Source code in src/naruto_net/detect/mentions.py
def load_characters_csv(path: Path) -> list[Character]:
    """
    Expected columns (exact):
    character_id, character_name, aliases, affiliation_primary, affiliation_detail,
    affiliation_changes, first_appearance_arc, role_type, estimated_importance
    """
    out: list[Character] = []
    with path.open("r", encoding="utf-8-sig", newline="") as f:
        reader = csv.DictReader(f)
        for row in reader:
            aliases_raw = (row.get("aliases") or "").strip()
            aliases = [a.strip() for a in aliases_raw.split(",") if a.strip()]

            out.append(Character(
                character_id=(row.get("character_id") or "").strip(),
                character_name=(row.get("character_name") or "").strip(),
                aliases=aliases,
                affiliation_primary=(row.get("affiliation_primary") or "").strip(),
                affiliation_detail=(row.get("affiliation_detail") or "").strip(),
                affiliation_changes=(row.get("affiliation_changes") or "").strip(),
                first_appearance_arc=(row.get("first_appearance_arc") or "").strip(),
                role_type=(row.get("role_type") or "").strip(),
                estimated_importance=(row.get("estimated_importance") or "").strip(),
            ))
    return out

build_alias_index(characters)

Return (alias, character_id) pairs sorted longest-first (prevents shadowing).

Source code in src/naruto_net/detect/mentions.py
def build_alias_index(characters: list[Character]) -> list[tuple[str, str]]:
    """Return (alias, character_id) pairs sorted longest-first (prevents shadowing)."""
    pairs: list[tuple[str, str]] = []
    for ch in characters:
        if ch.character_name:
            pairs.append((ch.character_name, ch.character_id))
        for a in ch.aliases:
            pairs.append((a, ch.character_id))
    pairs = [(a, cid) for a, cid in pairs if a and cid]
    pairs.sort(key=lambda x: len(x[0]), reverse=True)
    return pairs

detect_mentions(text, utterance_id, alias_index)

Deterministic alias matching with word boundaries + simple confidence heuristic.
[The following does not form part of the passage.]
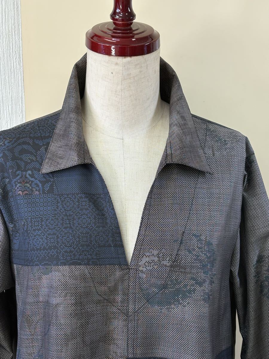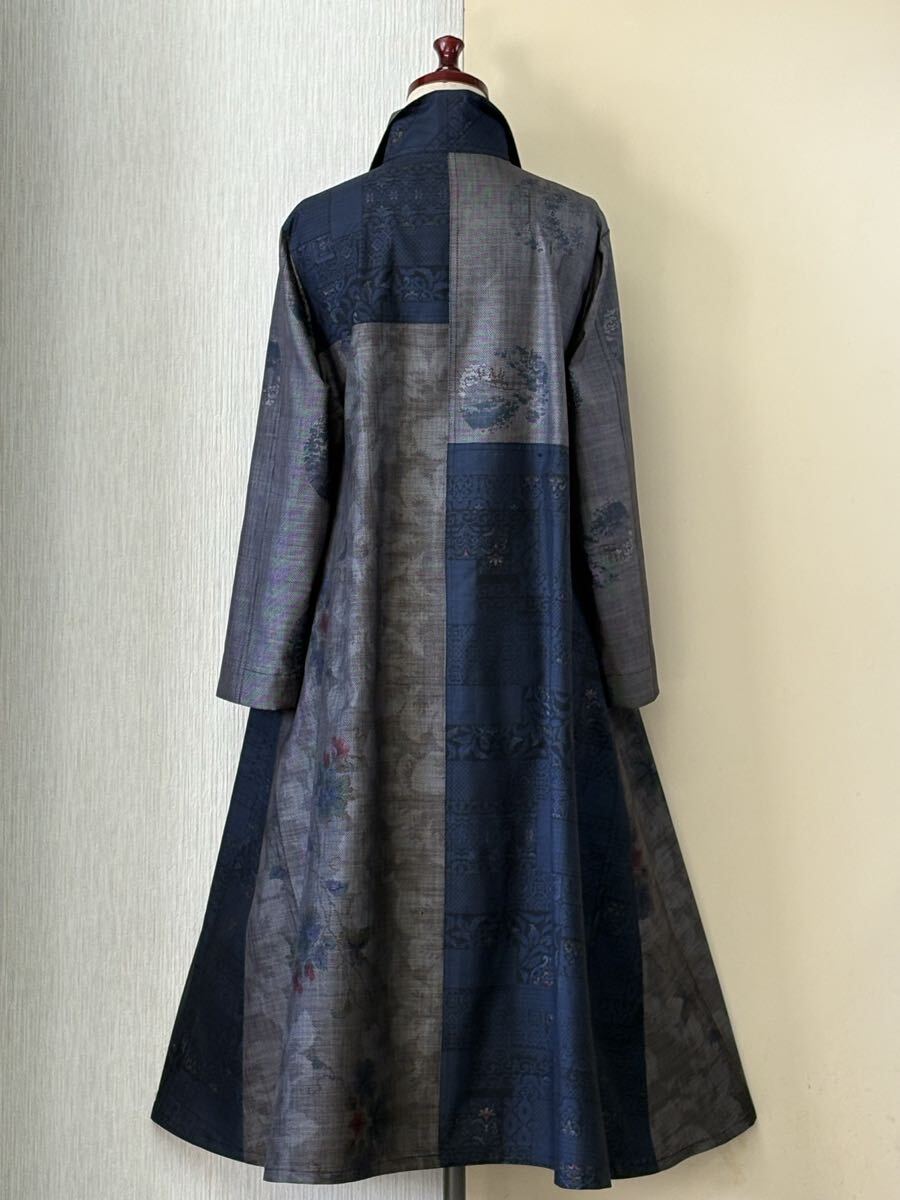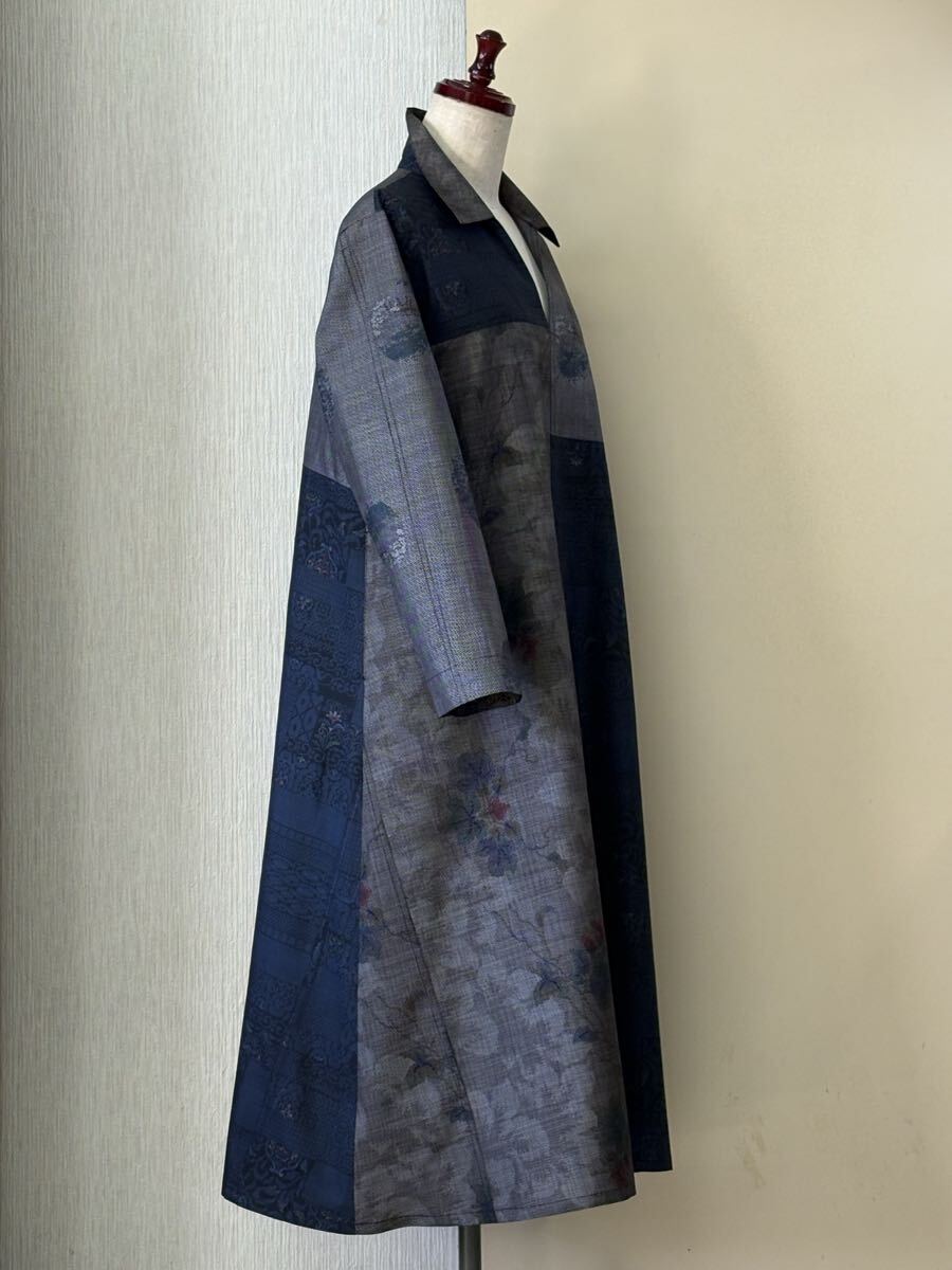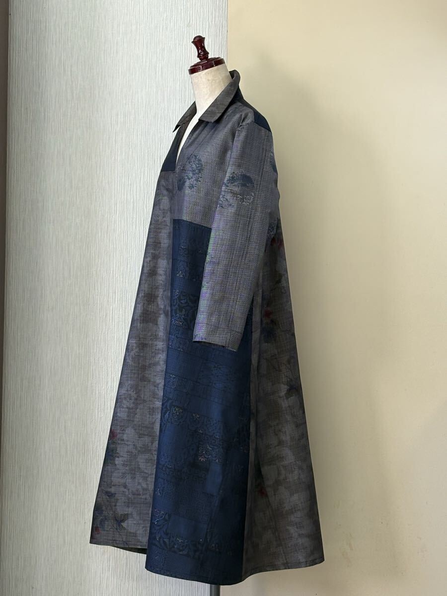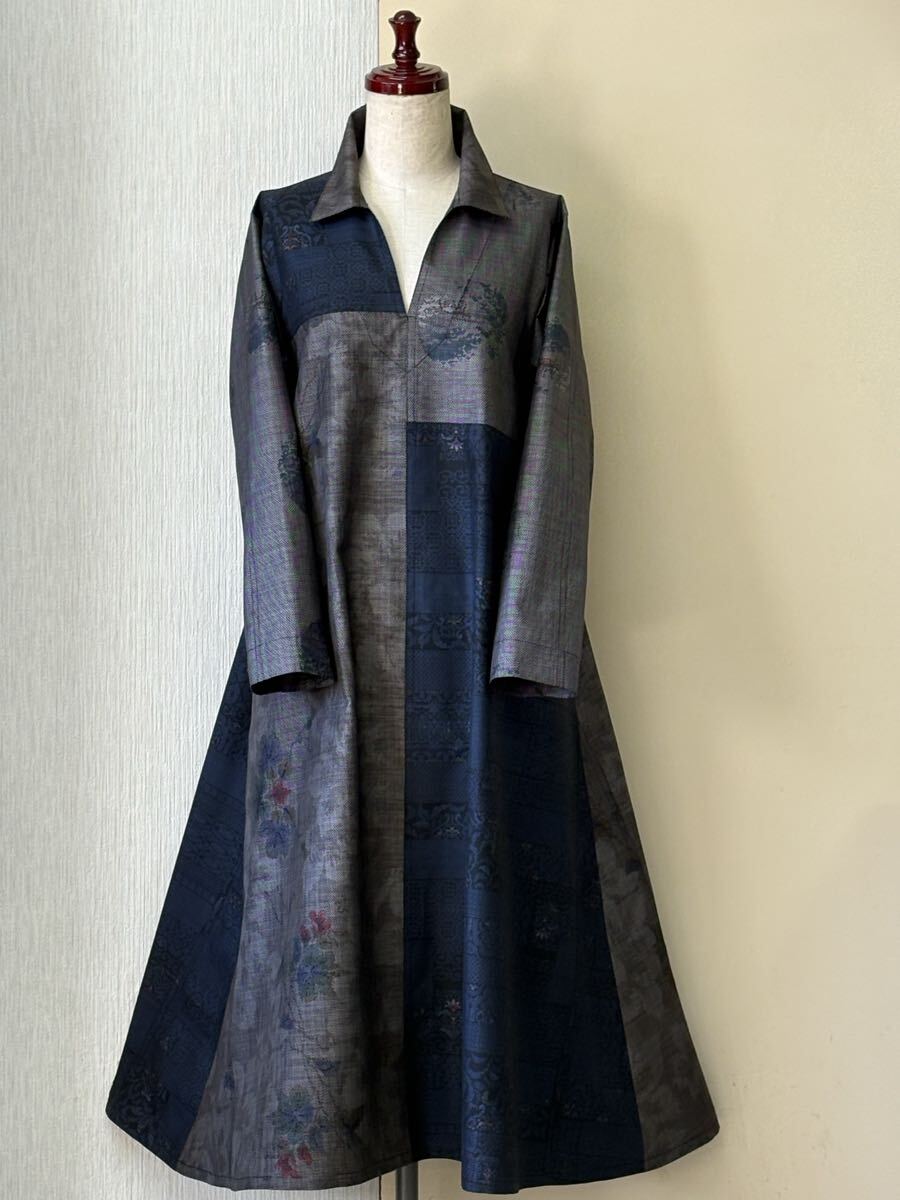 ★正絹、本場大島紬(純泥染め)3種類をパッチワークして「シャツカラー、ロングフレアーワンピース」を作りました。

Source code in src/naruto_net/detect/mentions.py
def detect_mentions(text: str, utterance_id: str, alias_index: list[tuple[str, str]]) -> list[Mention]:
    """Deterministic alias matching with word boundaries + simple confidence heuristic."""
    mentions: list[Mention] = []
    for alias, cid in alias_index:
        pat = r"\b" + re.escape(alias) + r"\b"
        for m in re.finditer(pat, text, flags=re.IGNORECASE):
            L = len(alias)
            confidence = 1.0 if L >= 6 else 0.85 if L >= 4 else 0.7
            mentions.append(Mention(
                utterance_id=utterance_id,
                character_id=cid,
                alias_matched=alias,
                start_char=m.start(),
                end_char=m.end(),
                confidence=confidence,
            ))
    return mentions

Usage Examples

Basic Character Detection

from naruto_net.detect.mentions import detect_characters, load_alias_dict

# Load alias mapping
alias_dict = load_alias_dict('data/character_aliases.json')

# Detect characters in dialogue
text = "I will avenge Pervy Sage!"
mentions = detect_characters(text, alias_dict)

for mention in mentions:
    print(f"Found: {mention['character']} (alias: '{mention['alias_matched']}', confidence: {mention['confidence']})")
# Output: Found: Jiraiya (alias: 'Pervy Sage', confidence: 0.8)

Processing Multiple Events

from naruto_net.io.subtitles import AssReader

reader = AssReader('episode_014.ass')
events = reader.read_events()

all_mentions = []
for event in events:
    mentions = detect_characters(event.text, alias_dict)
    for mention in mentions:
        mention['start_time'] = event.start_time
        mention['end_time'] = event.end_time
        all_mentions.append(mention)

print(f"Total mentions: {len(all_mentions)}")

Filtering by Confidence

# Only high-confidence matches
high_conf = [m for m in all_mentions if m['confidence'] >= 0.8]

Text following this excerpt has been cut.